History

 
A brief History of how two magazines came together

DoubleTake was founded in 1995, and went on a publishing hiatus in 2003. The print magazine has been an outlet for such fiction writers as William Maxwell, Bobbie Ann Mason, Michael Cunningham, Tobias Wolff, Joyce Carol Oates, and Charles Baxter; for such poets as Donald Hall, Rita Dove, Edward Hirsch, and Philip Levine; and for the essays and reporting of such writers and social researchers as Bill McKibben, Susan Faludi, James Alan McPherson, and John Berger. The images of esteemed photographers, of both long-ago and today-W. Eugene Smith, Mary Ellen Mark, Gary Winogrand, Wendy Ewald, and Mary Berridge, to name a few-have meanwhile also drawn the eyes and minds of our audience to ordinary and extraordinary people and places.

Points of Entry: Cross-Currents in Storytelling was founded in 2003 and has worked to encourage narrative writing in journalism, using storytelling to approach human subjects as the complex beings that they are. The print journal published the work of Pulitzer prize-winning journalists, individuals striving to use narrative in their work, and an eclectic range of voices that contributed to a better understanding of narrative. Points of Entry presented work ranging, including the “theology of journalism,” travel narrative in post-war Rwanda, essays on racism, story collecting for community theater, narrative’s healing power and trends in narrative writing.

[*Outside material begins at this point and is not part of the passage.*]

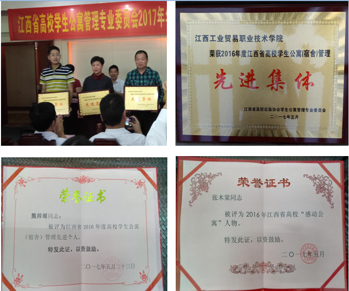 我院宿舍管理工作再创佳绩,今年一次性斩获了此三项殊荣,学院荣获了2016年度江西省高校学生公寓(宿舍)管理“先进集体”称号,宿管中心熊帅雨老师被评为江西省2016年度高校学生公寓(宿舍)管理“先进个人”,宿管员张木棠同志被评为2016年江西省高校“感动公寓”人物。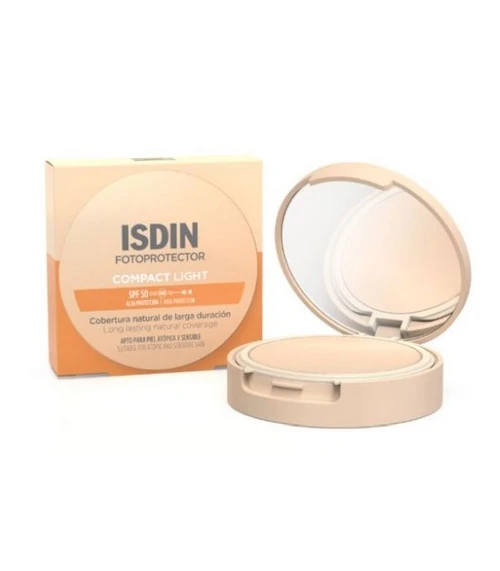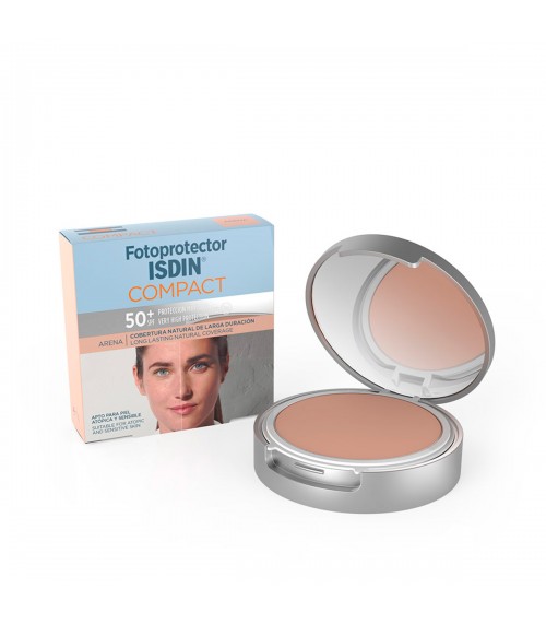 Fotoprotector ISDIN Compact SPF50+ en maquillaje de uso diario.

The union of DoubleTake and Points of Entry is a redoubling of each magazine’s mission to render not only contemporary life within the liberal arts—connecting lived life to art, literature, for instance—but to foster palpable connections to community. In this effort, we are eager to continue to offer space to the talents of those with names known and yet unknown. DoubleTake / Points of Entry is committed to providing room for emerging writers and photographers.